Spanish banking groups recorded an attributable profit of €3,888 million in the first quarter of 2010, after strengthening their capital position and improving their efficiency

June 15, 2010

The consolidated result for the first quarter of fiscal year 2010 of Spanish banking groups amounted to €4,273 million, which represents €191 million less (4.3%) than in the first three months of the previous fiscal year. Of this result, the profit attributable to the parent company stood at €3,888 million, 4.1% lower than that obtained at the same date in 2009. These profits have been compatible with the balance sheet strengthening achieved through a considerable effort in provisions (provisions and allowances for insolvencies) and through an improvement in the level and quality of equity.

Thus, as of March 31, 2010, Spanish banks present a solvency ratio under Basel II criteria (BIS ratio) of 13.2%, with excess equity of €53,886 million (22.2%) over their minimum regulatory requirements, and an increase in eligible equity of 8.8% compared to March of the previous fiscal year. The highest quality indicator, known as core capital, stands at 8.5%, 148 basis points above that achieved one year earlier.

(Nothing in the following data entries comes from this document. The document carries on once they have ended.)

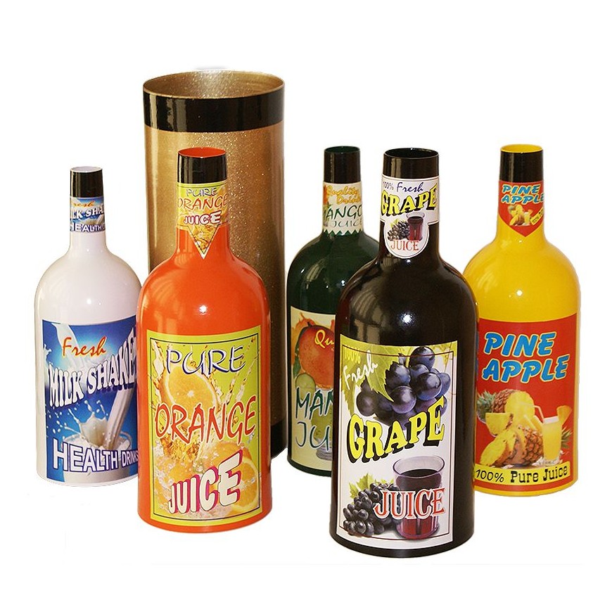 • Les bouteilles ont des couleurs différentes pour une production agréable et vivante, et chacune a une étiquette d'une boisson différente dessus.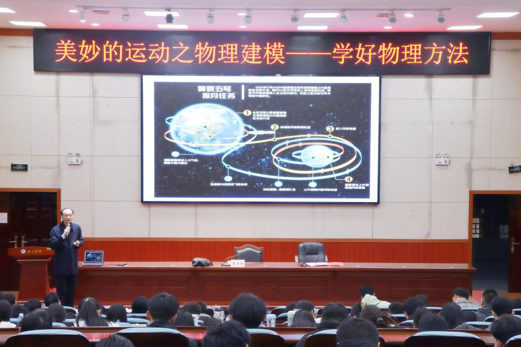 11月28日晚,数理学院在弘毅楼1-205 报告厅举办专题讲座,银龄教师高英俊教授以“美妙的运动之物理建模——学好物理方法”为题主讲,物理学专业师生代表到场聆听。
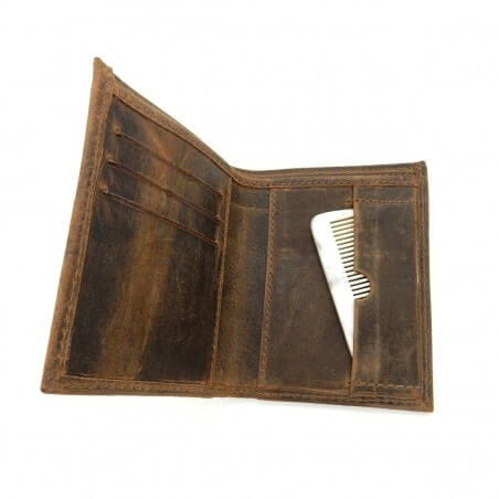 Il accueille entre 7 et 11 cartes. Quatre emplacements pour emporter tout le nécessaire : carte bancaire, carte Vitale, permis de conduire… Ainsi que deux grands compartiments pouvant accueillir les billets. Au-delà de sa fonction initiale, ce dernier est créé sur mesure pour accueillir le peigne à barbe le Petit Marcel. L'occasion pour vous de vous refaire une beauté à tout moment. Ainsi un emplacement spécial est prévu pour le ranger afin que votre peigne à barbe vous accompagne toute la journée tout en restant à l'abri des chocs. Petit et léger, une fois plié en deux, il se glisse dans une poche, un petit sac ou la poche d'une veste. Bref, un porte-cartes qui devient un véritable compagnon de vie.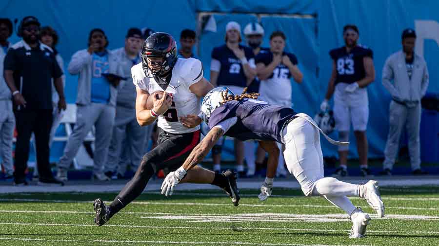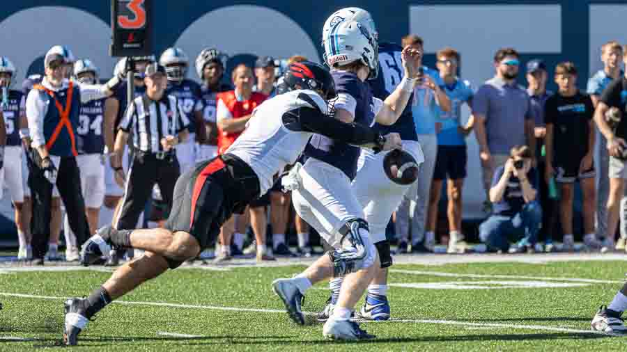 Senior defensive end Gabe Foster registered 3 ½ tackles for losses, including two sacks, for a Raider defense that limited DSU to 262 yards of total offense and negative-17 yards on the ground. Four more Raiders were credited with a sack apiece, while Jaxon Jedrykowski made eight tackles and blocked an extra point.
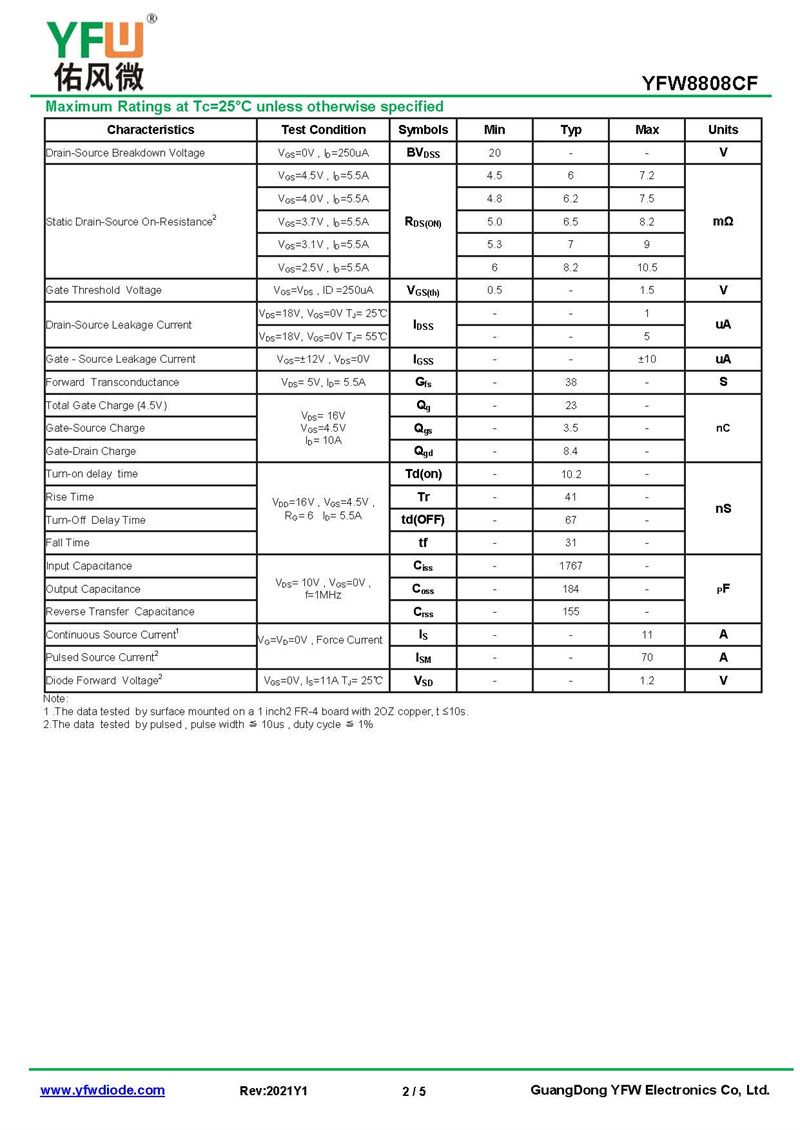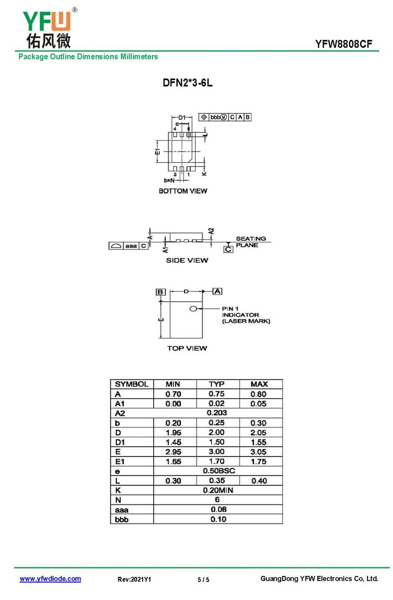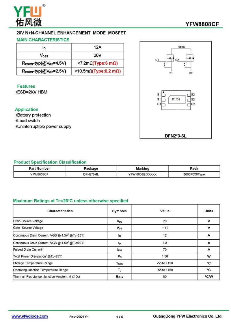 場效應管YFW8808CF 規格書_價格_PDF手冊-廣東佑風微原廠YFW8808CF SOT2*3-6L _(YFW佑風微)品牌
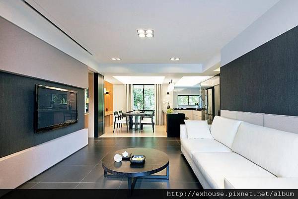 客廳與餐廳藉由不同深淺的黑與白,排比出層次與對比,讓空間更有節奏感。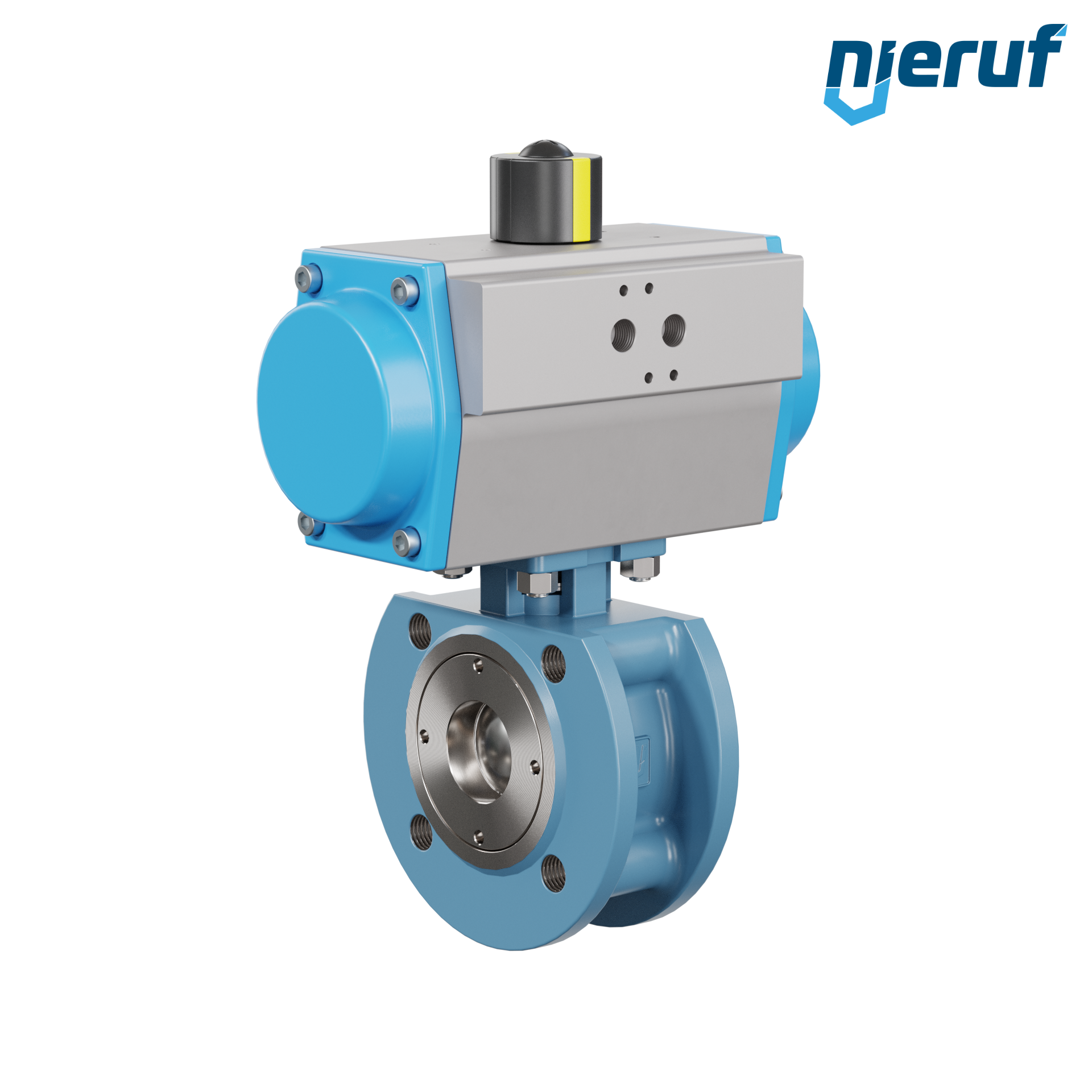 Für diesen hoch qualitativen Automatik-Flanschkugelhahn aus Stahlguss mit pneumatischem Drehantrieb (GS = einfachwirkend) ist eine direkte Anflanschung von Magnetventilen nach Namur möglich.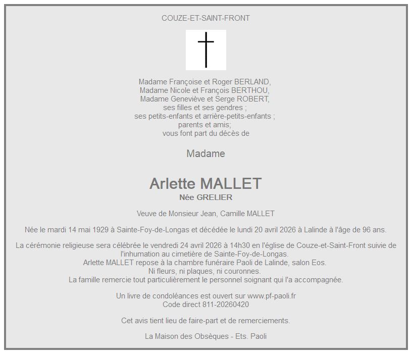 de Madame Arlette MALLET née GRELIER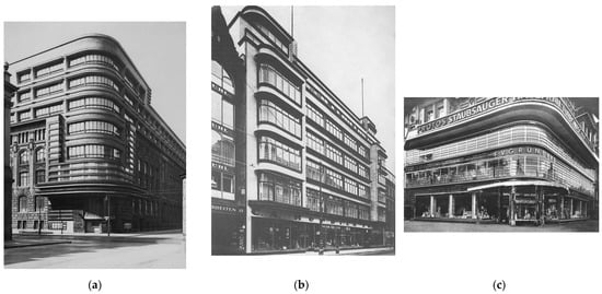 (a) The Mossehaus in Berlin, remodelled by Erich Mendelsohn in 1924 () (b) The Pelzhaus C.A. Herpich & Sons at 9–13 Leipziger Straße in Berlin, remodelled in 1924–1927, arch. Erich Mendelsohn (); (c) The Waeschekaufhaus F.V. Grünfeld at Kurfurstendamm Berlin, 1928 ().

Following the significant effort in provisions and the substantial containment of structural costs, the profitability obtained in terms of ROA (on average total assets) is 0.80% for the fiscal year as a whole, only 6 basis points lower than that of the same period last year. Meanwhile, the profitability achieved on average equity (attributable ROE) was 12.02%, although in this case the decrease observed compared to the previous year is also due to the strong increase experienced in equity (the denominator of the ratio).

Regarding the evolution of the margins in the consolidated income statement, the strong performance of recurring results stands out, as demonstrated by the 6.7% increase in the operating margin (before provisions) in absolute values. This increase is supported by the sound management of the interest margin, which now represents 2.32% on average total assets (ATA) compared to 2.26% in March 2009, and by the improvement in the cost structure, which places the efficiency ratio at 41.9% compared to 42.9% one year earlier.

Despite the significant effort made in provisions amounting to €4,860 million in the first quarter of the year (0.91% on ATA), 17.5% more than the previous year, the consolidated operating income registered a minimal decline of 0.8%.

Meanwhile, the consolidated balance sheet closed the first quarter of 2010 with a 3.4% annual increase, reaching €2.17 trillion.

Despite the difficult economic and financial environment in which we still find ourselves, Spanish banking groups have increased customer lending by 0.1%. The non-performing loan ratio reaches 4.18%, and the coverage ratio stands at 66%. During this period, customer deposits increased by €81 billion, representing an 8.7% annual increase and a significant improvement in the deposits-to-loans ratio to 75% (69% one year earlier).

Finally, and as mentioned at the beginning of this note, the increase in accounting equity by €20,605 million compared to that existing at the close of the first quarter of the previous fiscal year stands out, representing a 17.6% annual increase, well above the growth of total assets.